Assignment: The listing below must be repeated word for word, with its images excluded.

Data segment:
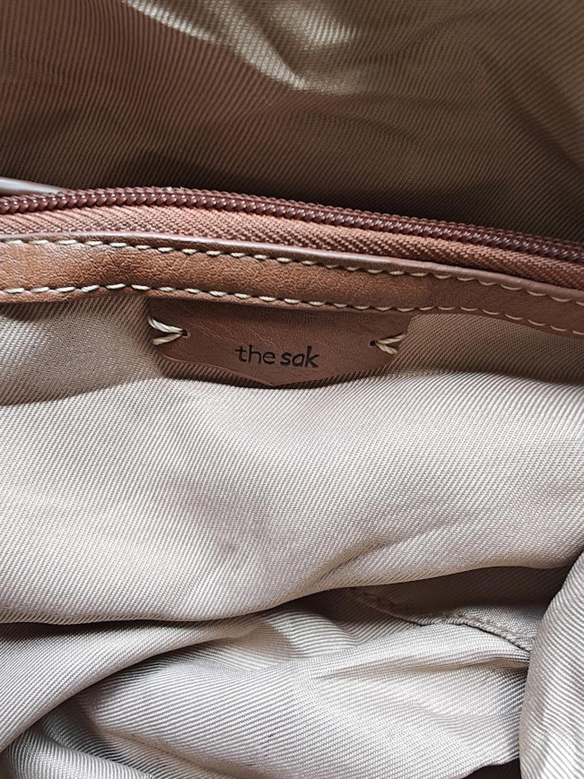This The Sak tan leather shoulder bag is the perfect everyday boho-chic accessory. Made with genuine leather, it features woven detailing, wooden bead tassels, and a spacious interior for all your essentials. A versatile purse that works for casual outings, office, or travel.
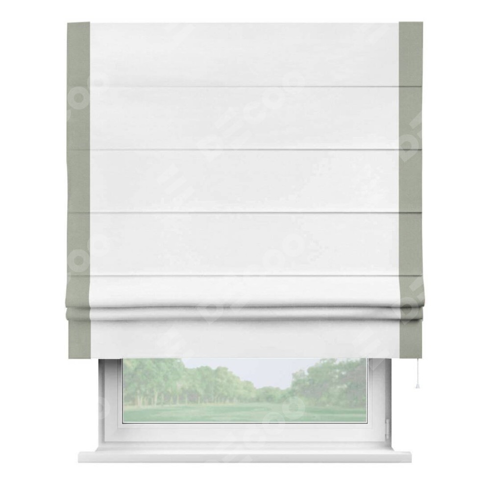 Римская штора производителя «Cortin», используется для проёма, пошита из ткани вельвет дымчато-белый, артикул ткани 85535. Отделка шторы кантом «Стрим Дуо», ткань для канта используется из вельвета разной расцветки на выбор. Имеет универсальный механизм и подходит для монтажа: на потолок, на стену и в нишу.
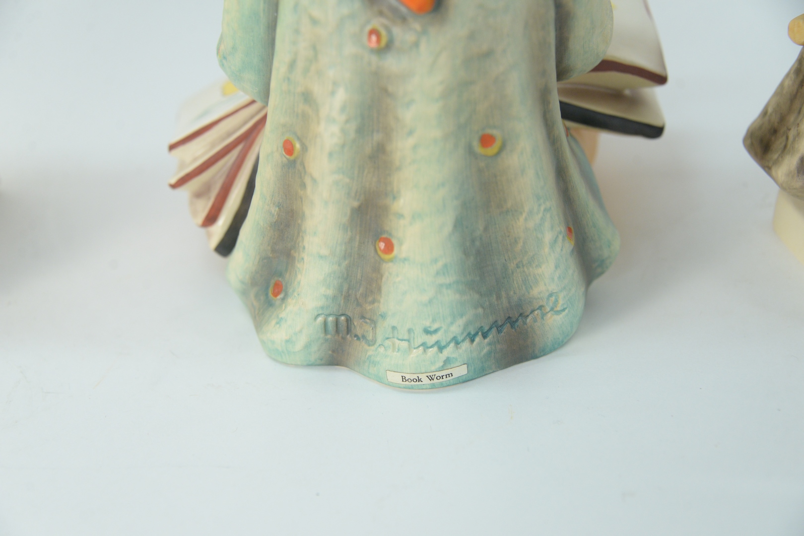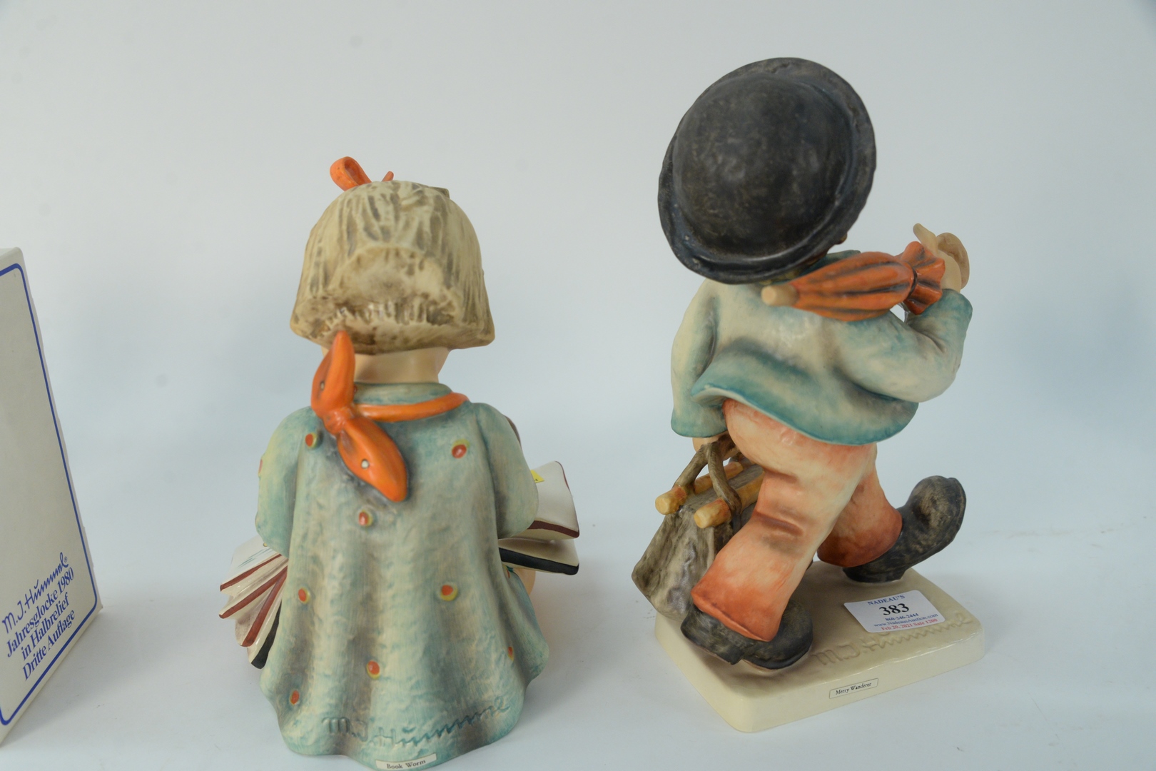 Lot 383: Pair of Large Hummel’s, to include ‘Bookworm’ and ‘Merry Traveler’, each inscribed along the base and marked to the underside, heights 8 1/2 inches and 9 1/2 inches.

Answer to this exercise:
This The Sak tan leather shoulder bag is the perfect everyday boho-chic accessory. Made with genuine leather, it features woven detailing, wooden bead tassels, and a spacious interior for all your essentials. A versatile purse that works for casual outings, office, or travel.
 Римская штора производителя «Cortin», используется для проёма, пошита из ткани вельвет дымчато-белый, артикул ткани 85535. Отделка шторы кантом «Стрим Дуо», ткань для канта используется из вельвета разной расцветки на выбор. Имеет универсальный механизм и подходит для монтажа: на потолок, на стену и в нишу.
 Lot 383: Pair of Large Hummel’s, to include ‘Bookworm’ and ‘Merry Traveler’, each inscribed along the base and marked to the underside, heights 8 1/2 inches and 9 1/2 inches.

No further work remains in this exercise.